• _Records_:
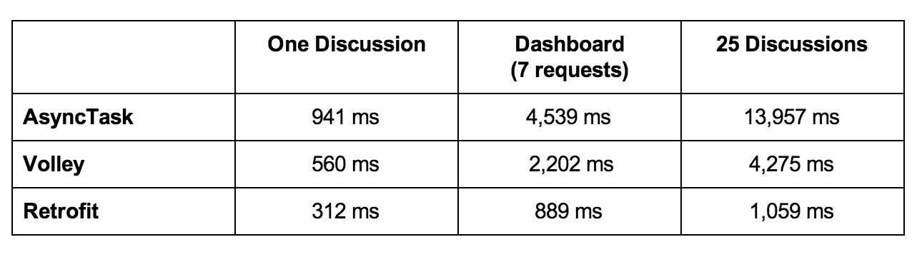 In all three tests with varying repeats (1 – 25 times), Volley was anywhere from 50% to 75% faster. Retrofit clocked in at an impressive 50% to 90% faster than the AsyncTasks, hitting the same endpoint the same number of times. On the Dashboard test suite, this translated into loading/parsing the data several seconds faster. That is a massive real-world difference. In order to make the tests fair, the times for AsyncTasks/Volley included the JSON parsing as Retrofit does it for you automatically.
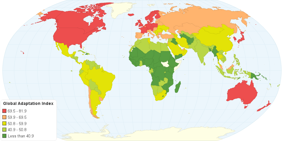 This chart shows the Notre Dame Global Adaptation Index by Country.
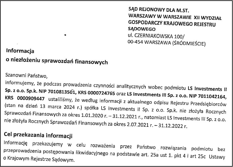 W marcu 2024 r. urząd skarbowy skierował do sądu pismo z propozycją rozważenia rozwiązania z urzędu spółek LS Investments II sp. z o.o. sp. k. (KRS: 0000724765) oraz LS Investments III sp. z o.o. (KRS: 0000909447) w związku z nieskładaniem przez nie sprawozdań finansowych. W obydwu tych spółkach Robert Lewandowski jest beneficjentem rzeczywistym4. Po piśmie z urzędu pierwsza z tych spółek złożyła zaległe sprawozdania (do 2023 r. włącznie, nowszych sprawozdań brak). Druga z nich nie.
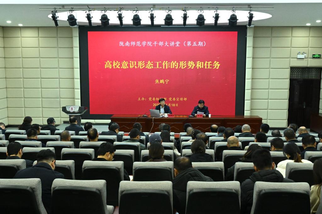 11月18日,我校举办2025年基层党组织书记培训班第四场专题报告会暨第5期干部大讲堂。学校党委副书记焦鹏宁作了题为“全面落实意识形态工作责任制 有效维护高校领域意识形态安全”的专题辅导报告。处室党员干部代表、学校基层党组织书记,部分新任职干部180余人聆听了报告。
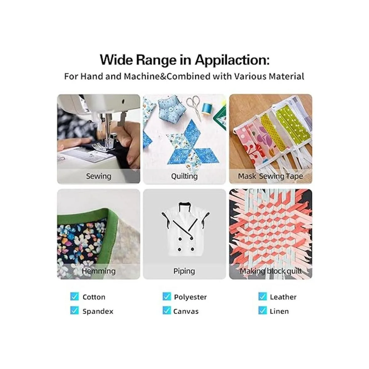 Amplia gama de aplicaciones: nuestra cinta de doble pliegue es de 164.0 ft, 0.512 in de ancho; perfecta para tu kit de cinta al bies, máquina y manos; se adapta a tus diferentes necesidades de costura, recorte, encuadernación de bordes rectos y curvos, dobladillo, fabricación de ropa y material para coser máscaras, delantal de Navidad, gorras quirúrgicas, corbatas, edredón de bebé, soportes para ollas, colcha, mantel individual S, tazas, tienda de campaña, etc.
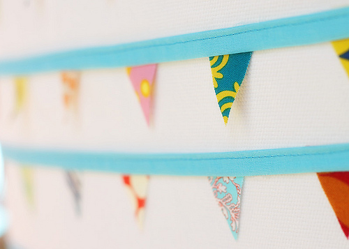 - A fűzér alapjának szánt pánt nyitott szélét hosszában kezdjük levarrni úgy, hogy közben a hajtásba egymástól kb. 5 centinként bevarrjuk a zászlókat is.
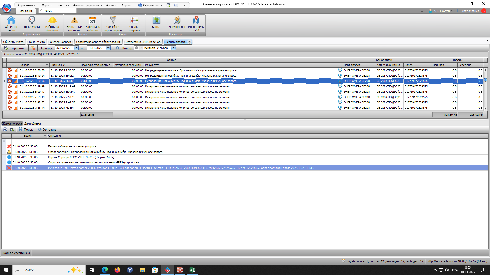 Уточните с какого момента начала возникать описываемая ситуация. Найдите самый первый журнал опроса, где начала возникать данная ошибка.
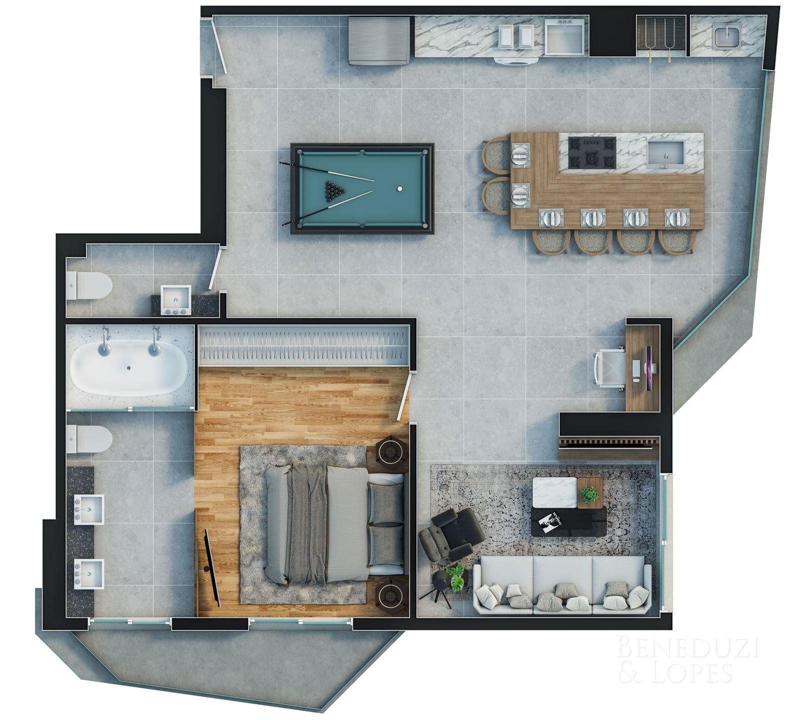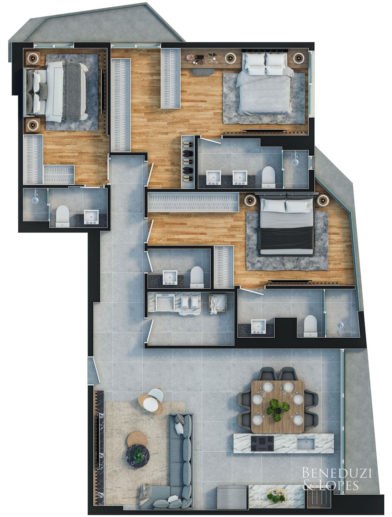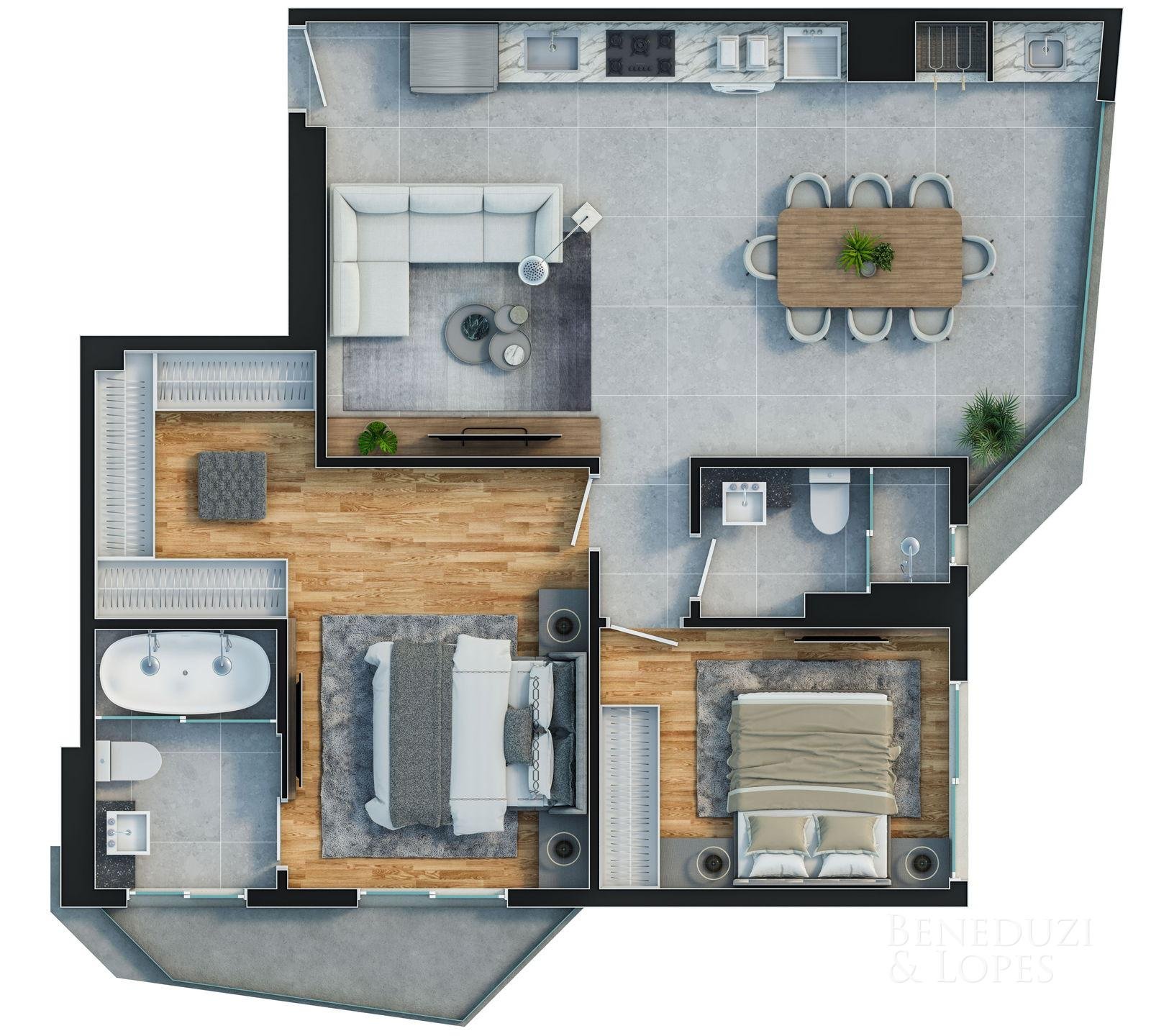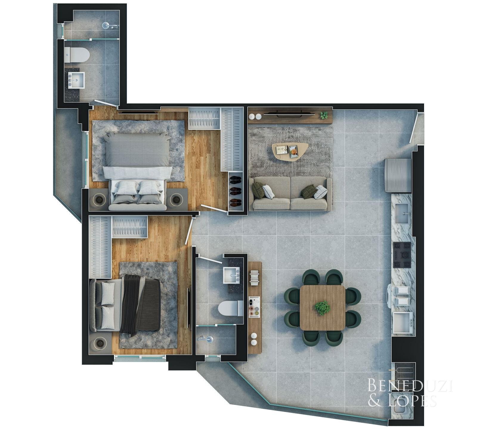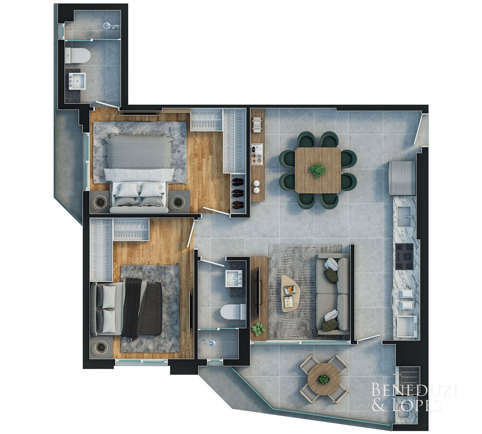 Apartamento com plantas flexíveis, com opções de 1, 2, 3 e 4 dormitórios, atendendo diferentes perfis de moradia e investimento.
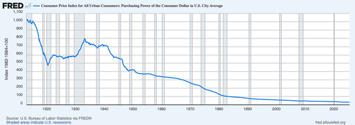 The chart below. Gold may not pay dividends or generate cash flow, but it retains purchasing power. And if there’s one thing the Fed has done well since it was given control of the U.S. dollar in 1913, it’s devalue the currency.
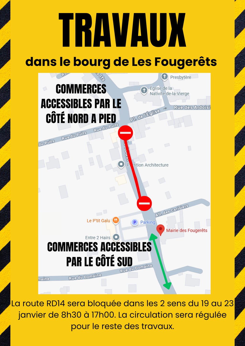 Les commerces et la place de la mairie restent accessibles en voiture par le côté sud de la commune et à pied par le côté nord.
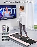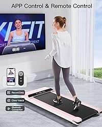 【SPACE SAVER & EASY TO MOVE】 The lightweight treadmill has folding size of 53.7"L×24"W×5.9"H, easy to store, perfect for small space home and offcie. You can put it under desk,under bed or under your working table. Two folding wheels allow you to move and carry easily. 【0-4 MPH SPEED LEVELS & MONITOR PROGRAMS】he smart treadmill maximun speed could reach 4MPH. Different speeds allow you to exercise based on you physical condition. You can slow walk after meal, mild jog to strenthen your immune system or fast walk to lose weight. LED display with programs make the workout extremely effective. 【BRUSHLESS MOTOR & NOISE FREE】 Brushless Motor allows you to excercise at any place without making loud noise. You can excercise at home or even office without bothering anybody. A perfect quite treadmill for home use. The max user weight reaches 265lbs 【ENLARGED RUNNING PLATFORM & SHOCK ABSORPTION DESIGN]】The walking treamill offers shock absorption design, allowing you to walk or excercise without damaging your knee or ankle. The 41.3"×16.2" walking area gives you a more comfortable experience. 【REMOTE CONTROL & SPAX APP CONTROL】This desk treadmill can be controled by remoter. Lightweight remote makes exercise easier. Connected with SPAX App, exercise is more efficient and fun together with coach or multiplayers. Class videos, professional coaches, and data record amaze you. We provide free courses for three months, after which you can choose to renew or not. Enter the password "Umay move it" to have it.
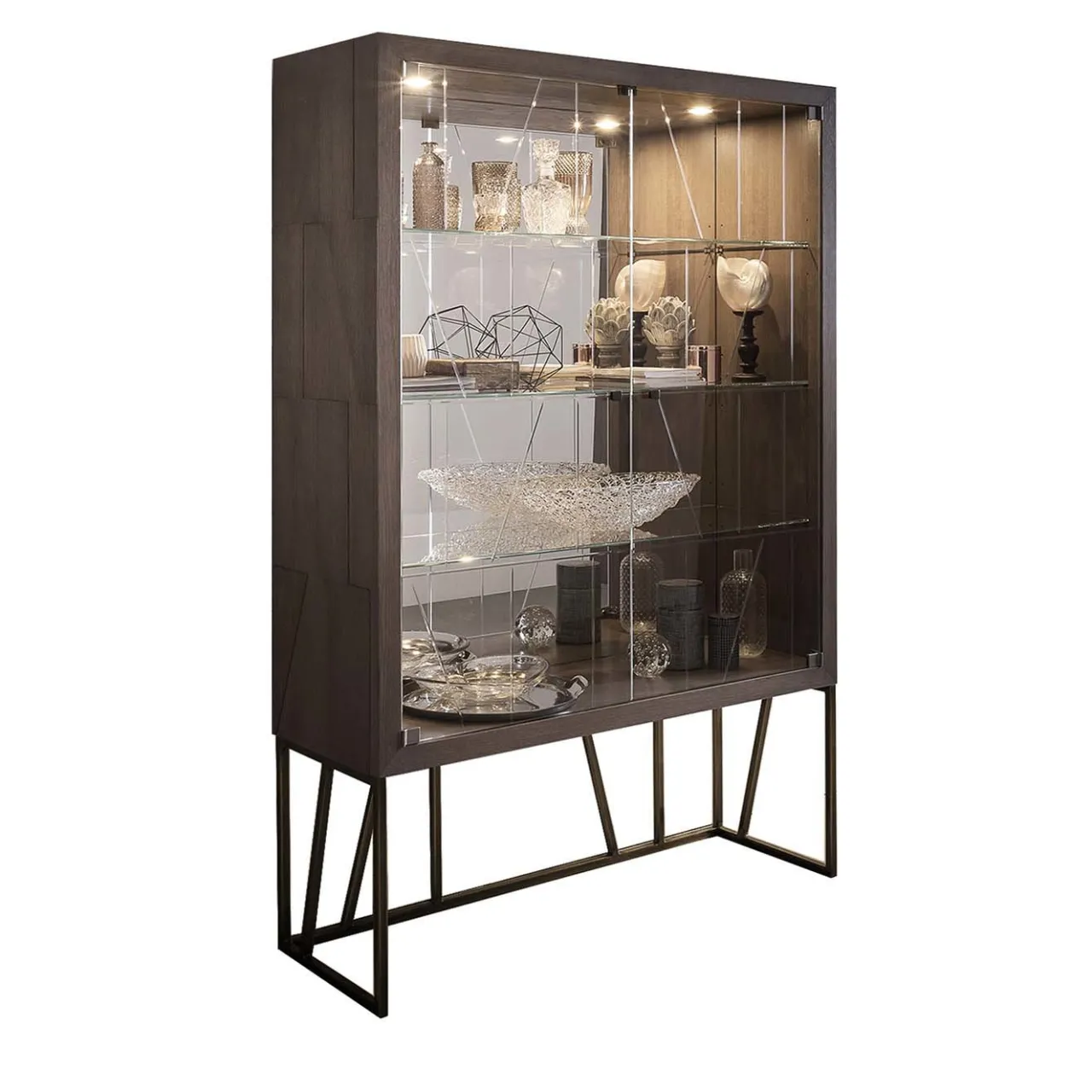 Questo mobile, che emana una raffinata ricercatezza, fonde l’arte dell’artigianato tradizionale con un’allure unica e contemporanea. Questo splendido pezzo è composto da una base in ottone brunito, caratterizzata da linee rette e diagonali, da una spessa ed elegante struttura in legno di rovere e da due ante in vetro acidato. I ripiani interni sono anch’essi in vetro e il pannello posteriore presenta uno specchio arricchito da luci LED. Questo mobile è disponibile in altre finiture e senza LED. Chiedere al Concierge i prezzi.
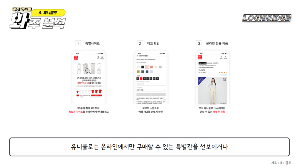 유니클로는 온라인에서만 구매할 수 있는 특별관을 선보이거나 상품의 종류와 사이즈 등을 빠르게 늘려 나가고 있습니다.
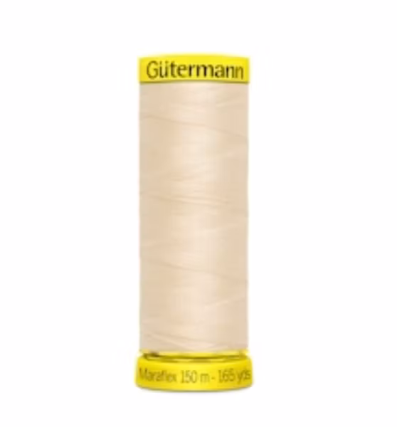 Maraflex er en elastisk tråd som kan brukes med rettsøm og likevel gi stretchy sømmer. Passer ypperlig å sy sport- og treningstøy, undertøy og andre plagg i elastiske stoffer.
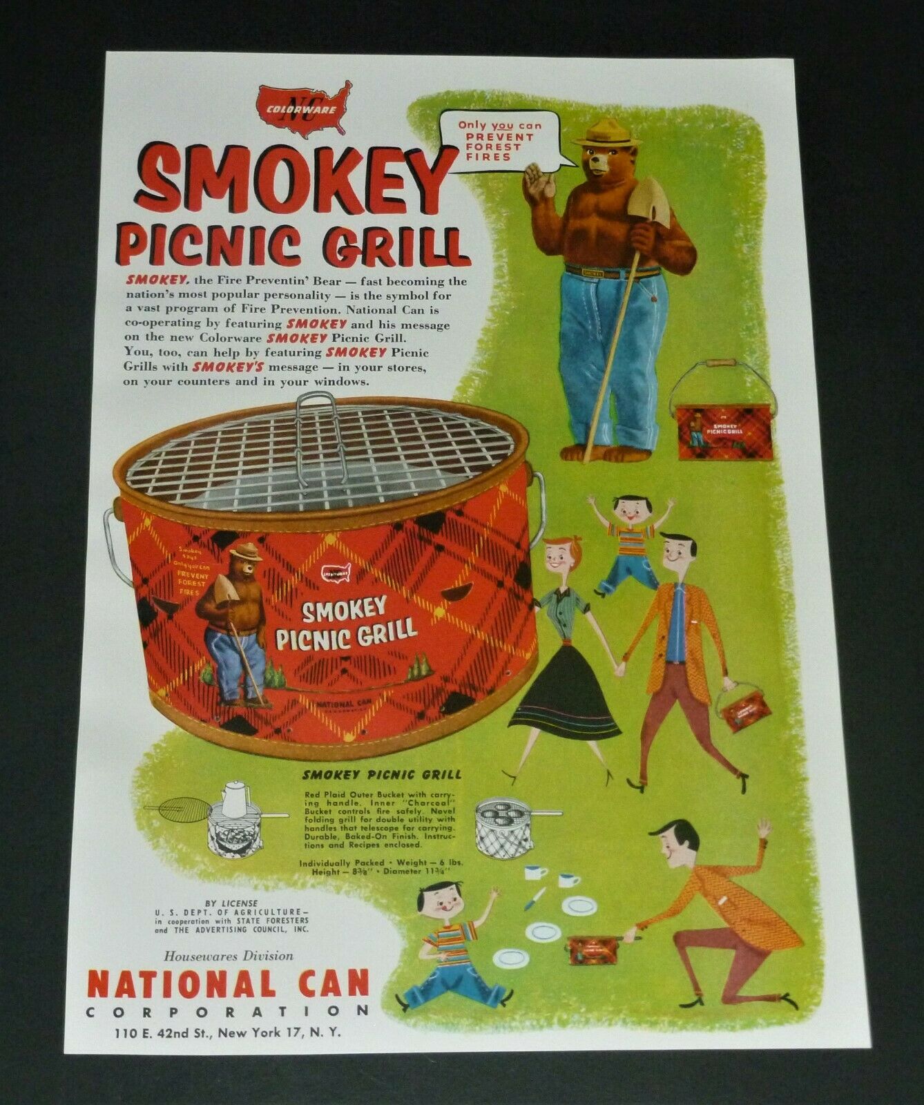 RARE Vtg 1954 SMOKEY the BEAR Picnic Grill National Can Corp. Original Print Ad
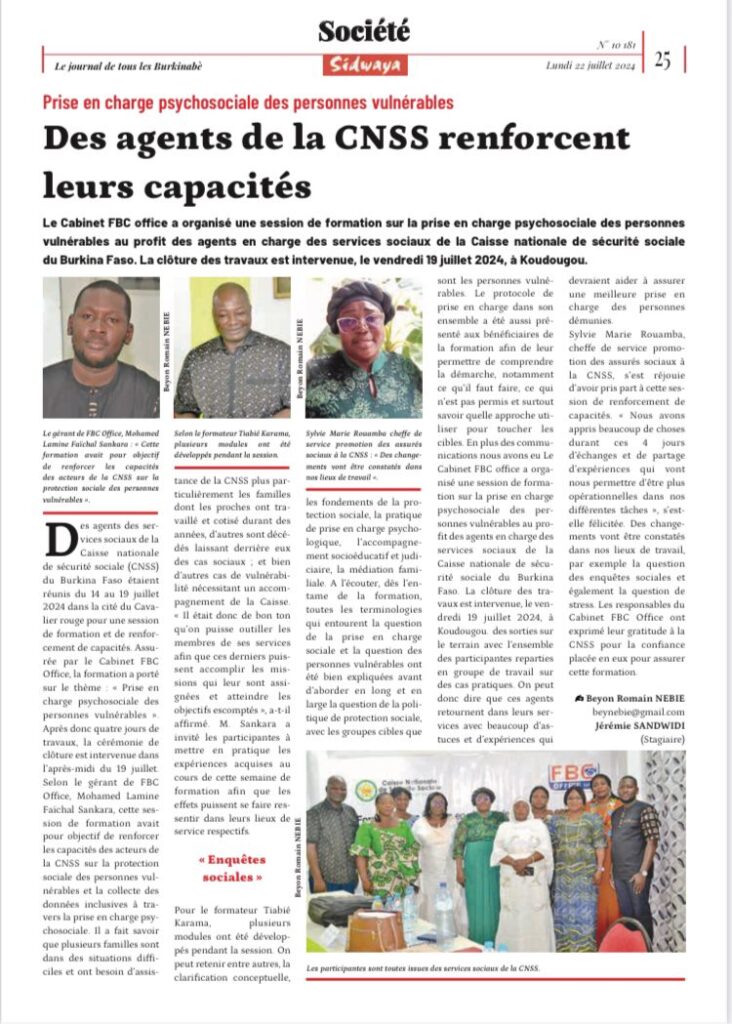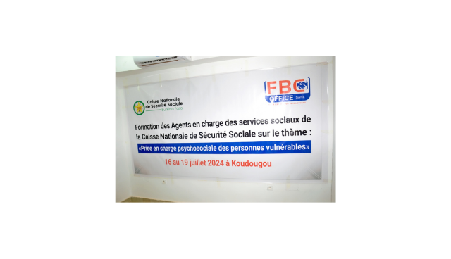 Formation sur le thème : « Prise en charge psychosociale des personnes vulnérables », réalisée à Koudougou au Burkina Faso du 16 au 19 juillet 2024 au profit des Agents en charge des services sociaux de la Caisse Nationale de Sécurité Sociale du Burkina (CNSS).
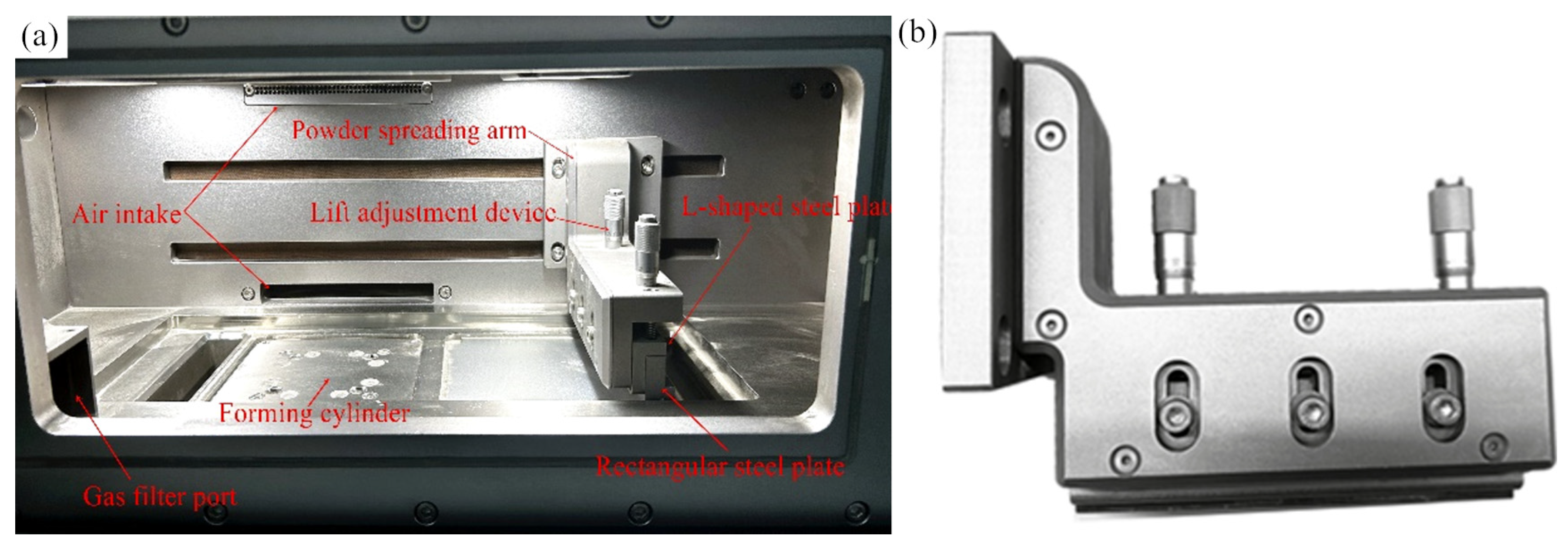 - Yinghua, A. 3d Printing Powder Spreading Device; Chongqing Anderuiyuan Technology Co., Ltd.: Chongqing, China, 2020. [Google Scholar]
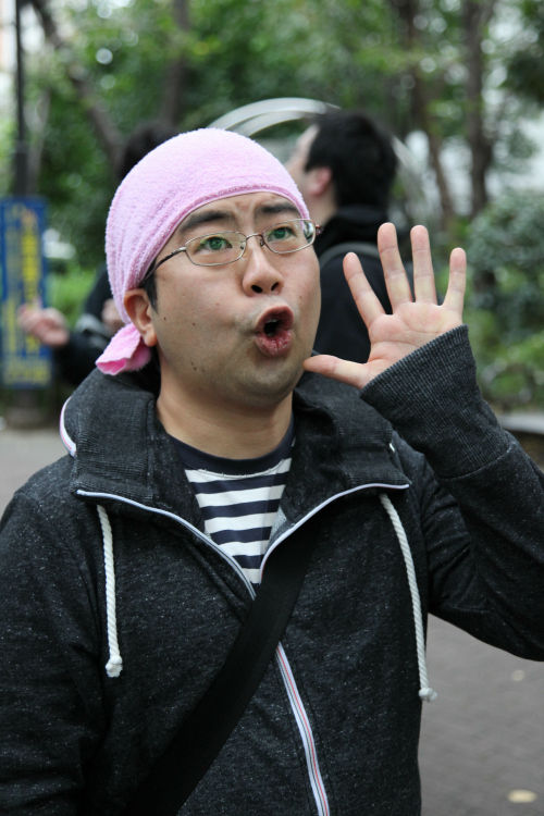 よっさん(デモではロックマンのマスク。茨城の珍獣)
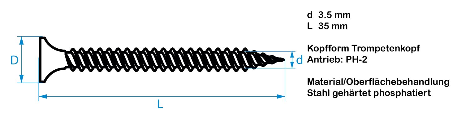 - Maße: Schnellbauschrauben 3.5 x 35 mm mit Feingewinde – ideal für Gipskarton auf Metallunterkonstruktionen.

• _Activity_: Beginning with the line where "よっさん(デモではロックマンのマスク。茨城の珍獣)" appears, transcribe the records above word for word through their last line, and include no pictures.

• _Solution to the problem_:
 よっさん(デモではロックマンのマスク。茨城の珍獣)
 - Maße: Schnellbauschrauben 3.5 x 35 mm mit Feingewinde – ideal für Gipskarton auf Metallunterkonstruktionen.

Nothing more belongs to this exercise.